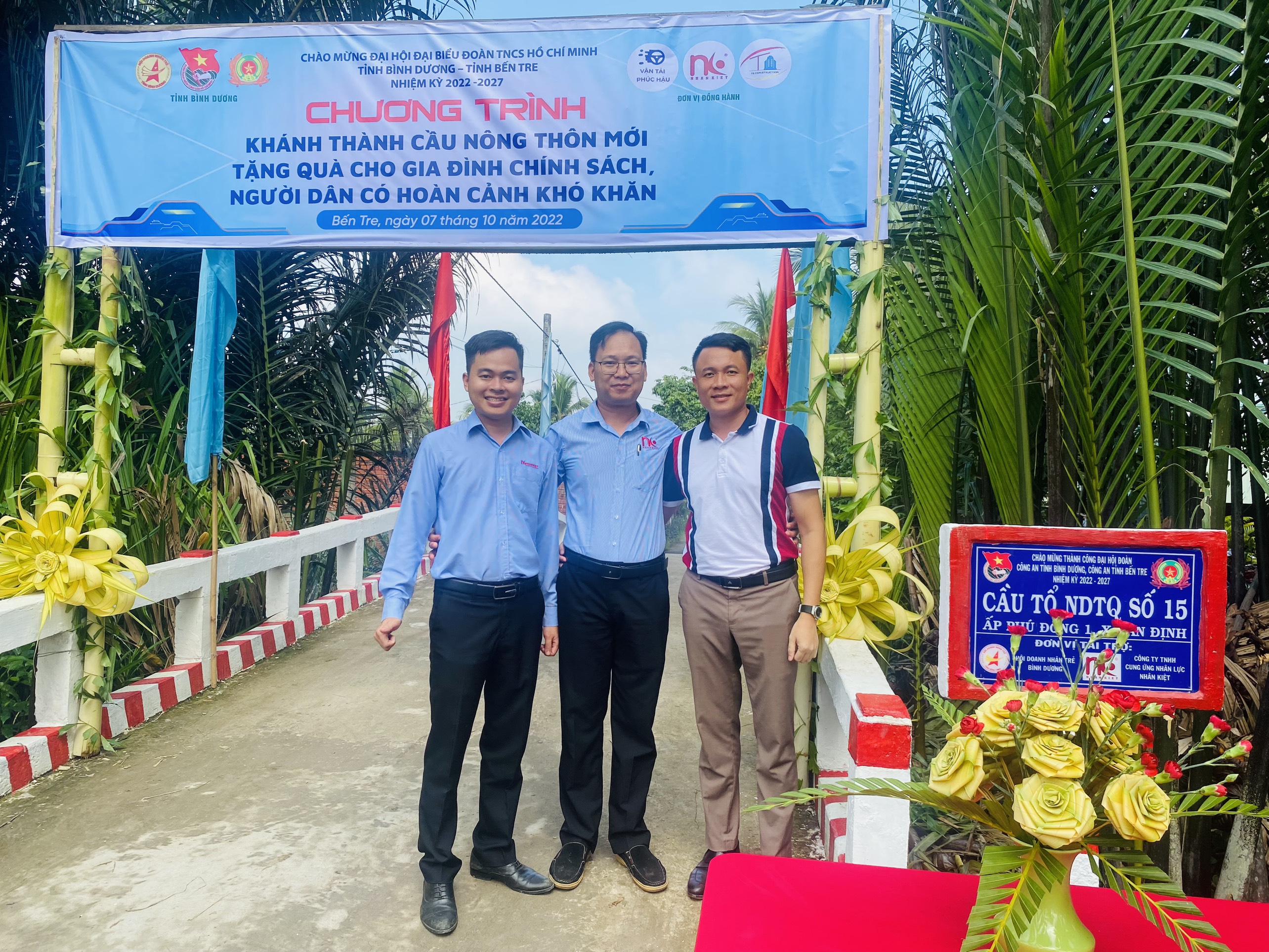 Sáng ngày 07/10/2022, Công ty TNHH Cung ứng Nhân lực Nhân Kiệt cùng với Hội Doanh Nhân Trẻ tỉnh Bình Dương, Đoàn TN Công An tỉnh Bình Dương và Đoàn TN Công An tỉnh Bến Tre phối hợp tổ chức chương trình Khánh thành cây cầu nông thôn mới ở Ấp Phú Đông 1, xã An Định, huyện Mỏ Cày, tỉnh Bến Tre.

● ● ● ●

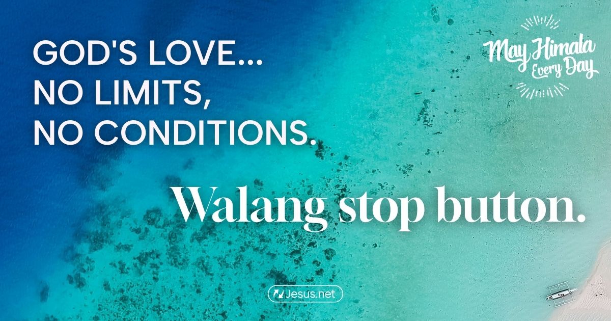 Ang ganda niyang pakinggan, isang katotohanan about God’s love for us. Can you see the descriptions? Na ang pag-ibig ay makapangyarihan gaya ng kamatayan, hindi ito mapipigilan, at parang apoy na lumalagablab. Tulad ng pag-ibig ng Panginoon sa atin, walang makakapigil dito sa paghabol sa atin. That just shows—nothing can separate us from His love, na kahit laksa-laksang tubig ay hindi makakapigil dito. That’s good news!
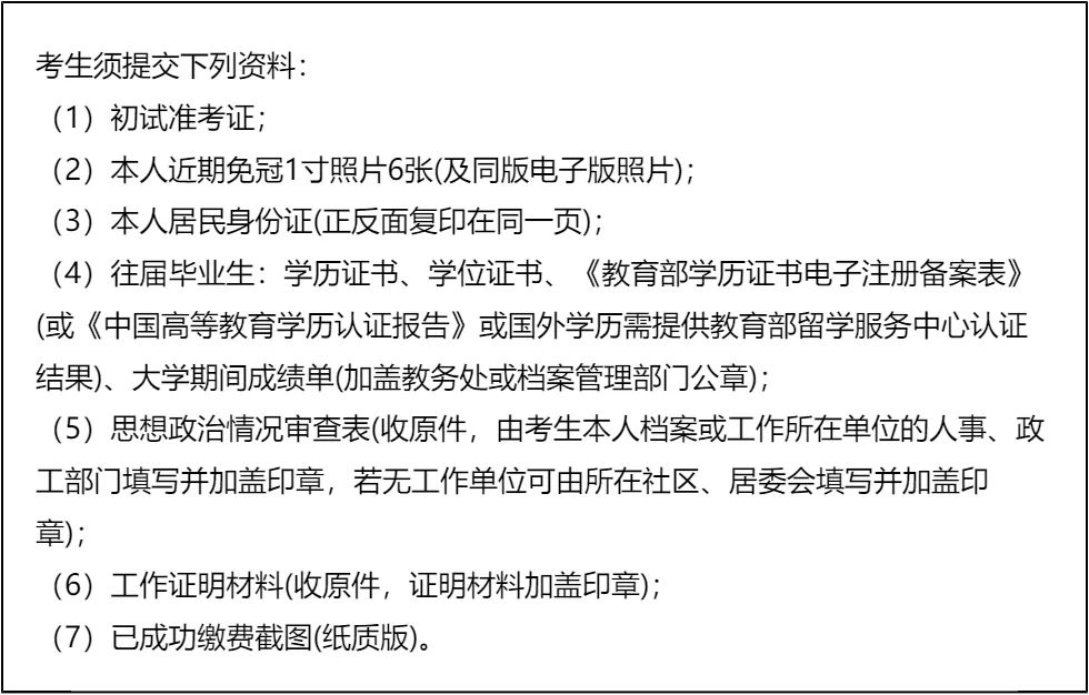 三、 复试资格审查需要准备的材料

● ● ● ●

**WORK INSTRUCTIONS**
Could the stretch from the line with "Ang ganda niyang" through the line with "三、 复试资格审查需要准备的材料" in the listing above be restated word for word, minus the pictures?

**ANSWER TO THE EXERCISE**
 Ang ganda niyang pakinggan, isang katotohanan about God’s love for us. Can you see the descriptions? Na ang pag-ibig ay makapangyarihan gaya ng kamatayan, hindi ito mapipigilan, at parang apoy na lumalagablab. Tulad ng pag-ibig ng Panginoon sa atin, walang makakapigil dito sa paghabol sa atin. That just shows—nothing can separate us from His love, na kahit laksa-laksang tubig ay hindi makakapigil dito. That’s good news!
 三、 复试资格审查需要准备的材料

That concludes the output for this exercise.